Salah satu keluhan yang kerap diajukan adalah keluhan dari penumpang jalur Bogor yang harus transit di Stasiun Manggarai dan berganti ke jalur Cikarang/Bekasi-Angke.
Ketika proses transit ini, penumpang mengeluhkan selisih waktu antarkedatangan kereta yang terlalu lama. Hal ini lah yang dituding menjadi penyebab utama penumpukan penumpang di Stasiun Manggarai.
Apalagi di KRL juga masih kerap ditemui kasus pencopetan dan pelecehan seksual dengan memanfaatkan padatnya penumpang di peron maupun di dalam gerbong kereta.
Bahkan, baru-baru ini tersiar kabar bahwa ada seorang karyawan yang memilih untuk berhenti bekerja demi tak lagi mengalami padatnya Stasiun Manggarai.
Meski sudah banyak keluhan yang diajukan soal ketidaknyamanan Stasiun Manggarai, namun belum ada upaya signifikan yang dilakukan oleh pemangku kebijakan untuk menangani masalah ini.
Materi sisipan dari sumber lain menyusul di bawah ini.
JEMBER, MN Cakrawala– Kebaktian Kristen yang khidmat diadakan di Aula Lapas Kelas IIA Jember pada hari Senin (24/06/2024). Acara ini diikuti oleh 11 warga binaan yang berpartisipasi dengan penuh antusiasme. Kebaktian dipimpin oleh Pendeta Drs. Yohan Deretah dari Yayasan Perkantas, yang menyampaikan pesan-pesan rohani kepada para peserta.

Satu upaya yang akan dilakukan oleh KCI dalam rangka mengatasi kepadatan ini adalah dengan menambah 31 perjalanan kereta pengumpan (feeder).
Nah, lantas apa sebabnya kemacetan masih saja terjadi meski transportasi umum Jakarta sudah cukup bagus?
Jawaban yang mungkin cocok adalah kebijakan pemerintah yang kurang mendukung pemanfaatan transportasi umum itu sendiri.